"All your base are belong to us" is a widely recognized example of broken English that became a prominent internet meme in the early 2000s. The short, oddly phrased sentence is best known in abbreviated forms such as "All Your Base" or the acronym "AYBABTU." It entered digital culture through early viral media and community discussion, eventually appearing in images, videos, remixes, and merchandise.
Origin and mistranslation
The phrase comes from an English-language localization of the Japanese video game Zero Wing. That localization was part of a European release on the Sega Mega Drive system, produced by a company originally based in Japan; often-cited details about the development point toward the fast and imperfect translation process used at the time, which produced numerous syntactically unusual lines. The quirky dialogue appears during an introductory cutscene featuring the antagonist and sets the tone for later attention to the text. For discussion of the phrase as an example of nonstandard English, see analyses of broken English.
How it spread
The line was popularized when hobbyists and fans collected game footage and created a short animated montage, which combined translated dialogue with dramatic music and editing. Early distribution relied on Flash animations and remixes: a notable early viral item was a Flash video that set the cutscene lines to music and edited them for maximum comedic effect; material of this kind circulated widely on the web in 2001–2002. Community forums and message boards played a key role: threads at places such as Something Awful helped turn the phrase into a shared joke. The European context of the port is sometimes noted in retrospectives, e.g. references to the Sega Mega Drive release in regional versions and to the game's origins in Japan via its developer.
Formats and examples
- Flash animations and edited game clips that repeat the line for comic effect.

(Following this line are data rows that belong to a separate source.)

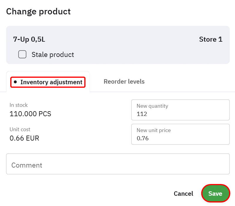 Note: Adjusting the stock level creates an inventory with the current stock time, which may prevent general inventories from being made! If a general inventory has been counted but not yet entered, you must enter that inventory before adjusting a single product!
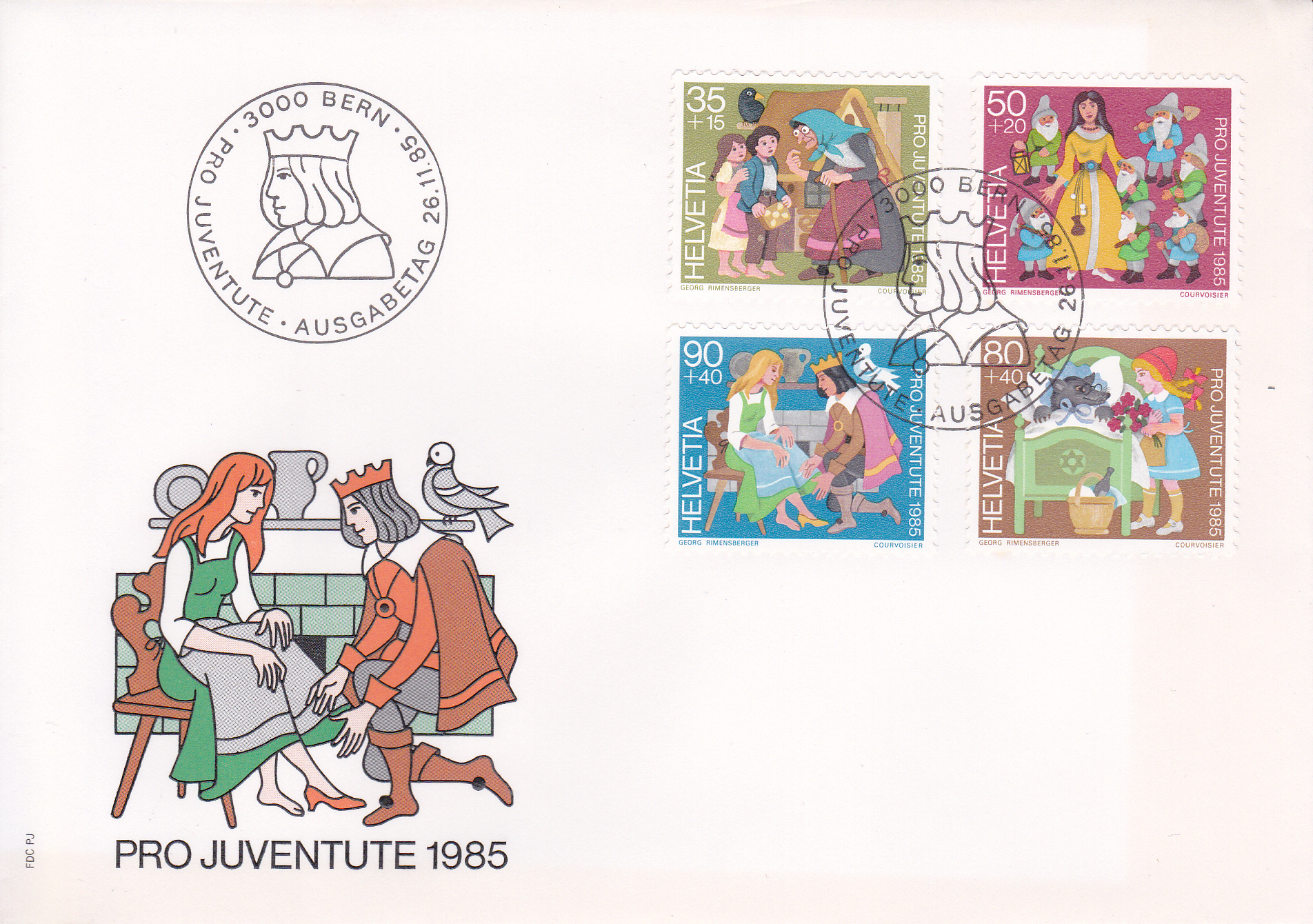 Auf diesem FDC wurden alle vier Marken der Serie mit Märchenmotiven verklebt.
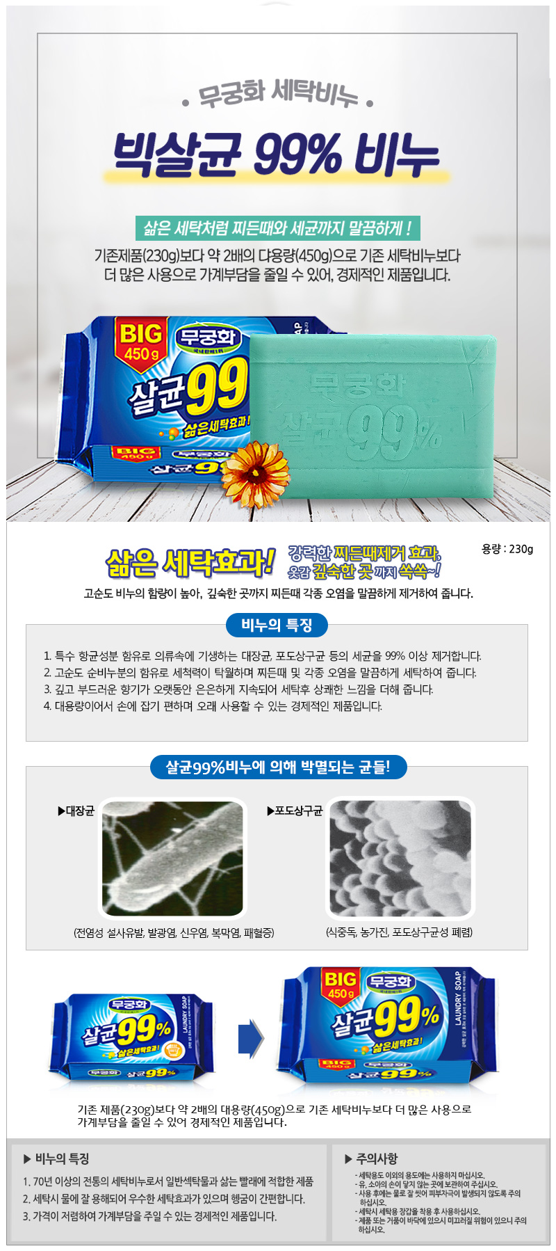 [MUKUNGHWA] Big 99% Sterilization Laundry Soap 450g _ Laundry Detergent, Kills 99% of bacteria and germs
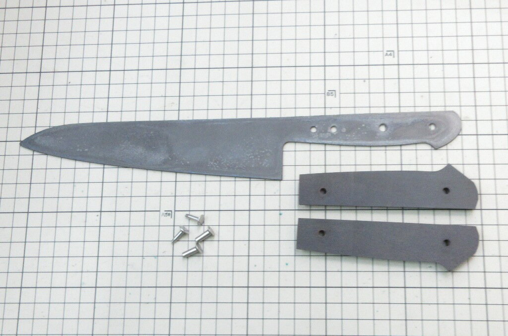 とある刃物工場からの放出品で、18センチ牛刀の材料です。すでに熱処理されているので、研削してベベルを成形して研ぎ上げると刃物として使えるようになります。ただし大変硬いので、ある程度の工作経験と機械工具が必要な上級者向きのキットです。全長:30cm、刃の長さ:18cm (1.8mm厚)、材質: SK-5 炭素鋼。パッカーウッド製のハンドル材とリベットが付属するので、それを活用すれば包丁になりますが、マイカルタ、G10、リバティウッドなど使ってオリジナリティを高めるのも良さそうです。工夫を重ねて自分だけの一本を完成させるような楽しみ方もお勧めします。

- Audio remixes and techno tracks sampling the spoken phrase.
- Image macros, T-shirts, and other fan-created merchandise quoting the line.
- Parodies and references across blogs, forums, and early social networks.
For those exploring primary examples or archives of the meme, many online compilations and fan pages collect the most influential items; for a sample of widely circulated fan media see classic Flash pieces.
Legacy and significance
"All your base are belong to us" exemplifies how a small localization oddity can be amplified by online communities into a cultural artifact. It is often cited in discussions of early internet memes, the role of fan creativity, and the impact of translation on media reception. The phrase has persisted as a shorthand for humorous mistranslation and for early web-era remix culture; it also illustrates how digital communities created shared in-jokes before the modern social media landscape. For contextual histories and deeper commentary, see collections and retrospectives that discuss its rise and sustained visibility in popular memory (language analyses, forum histories).